Amnesty International has welcomed the legislative framework set out in the government’s ‘Policy Paper’, following the introduction of the Thirty-Sixth Amendment of the Constitution Bill 2018 to Dáil Éireann today. The Policy Paper on Regulation of Termination of Pregnancy outlines the sort of legislation the government would seek to enact should the referendum be passed. It closes mirrors the framework proposed by the Citizens’ Assembly and Joint Oireachtas Committee on the Eighth Amendment.
“Today is yet another historic milestone towards women’s equality in Ireland. After 35 years of an almost complete ban on abortion in Ireland, it is heartening to see the momentum that has built over the past year. The legislative framework outlined today would broadly realise women’s rights, and meet the State’s human right obligations. The Minister for Health and the government are to be commended for the expansive framework set out here. Providing access to medical abortion on request in early pregnancy, and in later pregnancy in additional circumstances, is the minimum needed to respect and fulfil women’s human rights. We welcome the approach taken in this policy paper. The many months of dedicated work by the Citizens’ Assembly and Joint Oireachtas Committee reviewing evidence and seeking solutions has paid off.

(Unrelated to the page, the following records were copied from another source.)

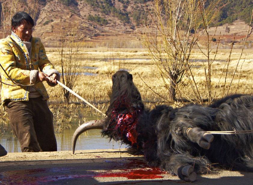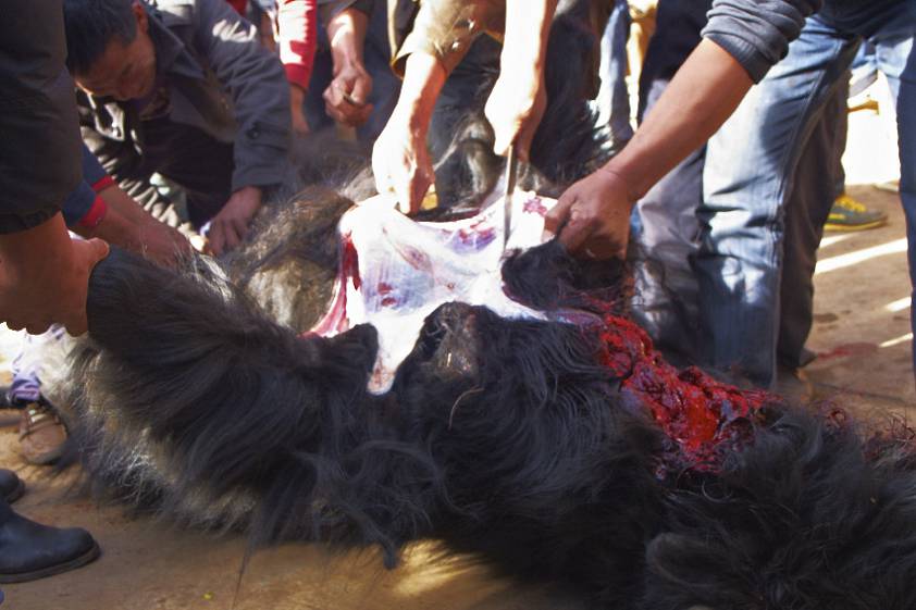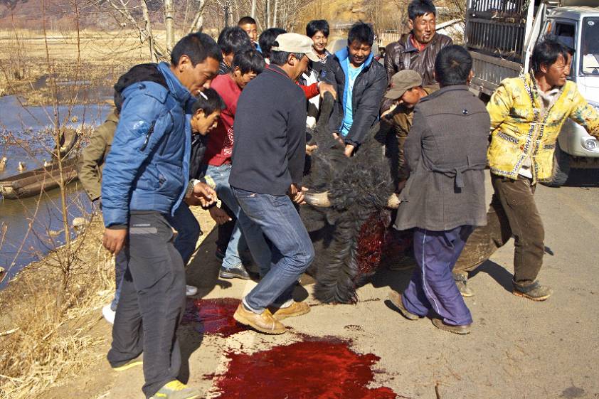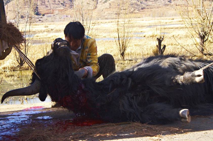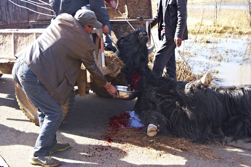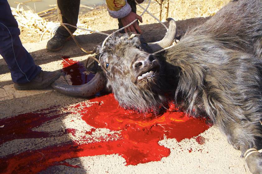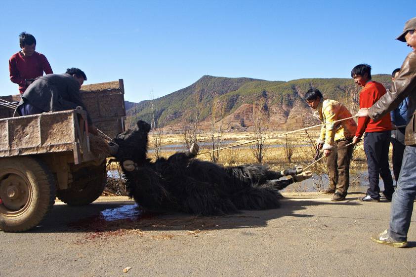 Так бы и прошел день в неспешной езде, если бы не один прелюбопытный момент. Примерно на пол дороги мы стали свидетелями того, как по заведенной местными жителями традиции, перед китайским Новым Годом забивают быка. Если вы не любители казней животных или лужи крови, пролистайте дальше. Тем, кто любит кровяку на асфальте, будет интересно. Не подумайте, сам не любитель живодерства, но упустить такой момент просто не мог.
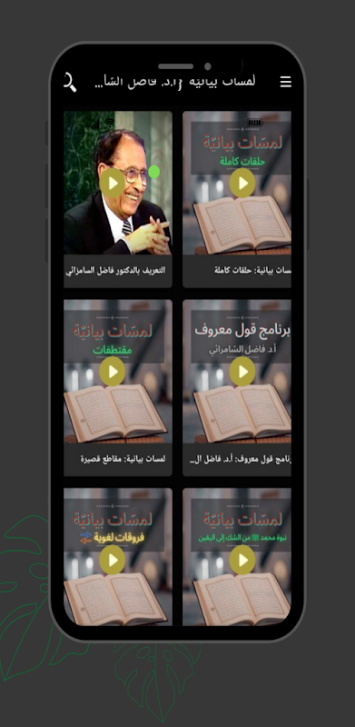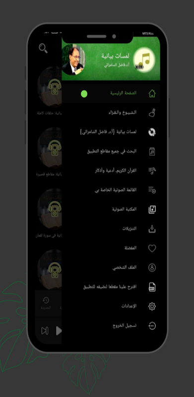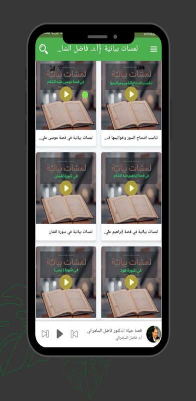 An audio application that includes episodes of the graphic touches program for Dr. Fadel Al-Samarrai and the Holy Quran MP3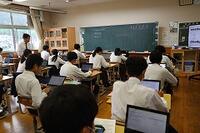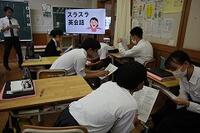 この日の5時間目は2年1組教室で、指導教諭である山本先生による公開授業が行われました。本校の先生や他校の先生などが公開授業を参観しました。山本先生の授業は一人一台タブレットをフルに活用し、生徒同士の主体的・対話的な学びを実現していました。また、昨今の英語で求められるスピーキングやリスニングについても、授業の中で押さえており、大変素晴らしい授業でした。

“The Eighth Amendment remains the core impediment to the introduction of human rights compliant abortion legislation in Ireland. If passed by the people, this referendum would permit the Oireachtas to enact this legislation. The day is in sight when the daily violations of women’s human rights finally ends. A ‘Yes’ vote in this referendum will be a vote for women’s equality and dignity. The Eighth Amendment is blight on women’s lives and health. Its removal will be a national statement that we value, respect and care for women. That we respect their right to make decisions about their health, their bodies, their families and their lives. It is vitally important that we get facts and information to the electorate. It is time for a national conversation based on evidence and truth, and grounded in the lived experience of women,” said Colm O’Gorman, Executive Director of Amnesty International Ireland.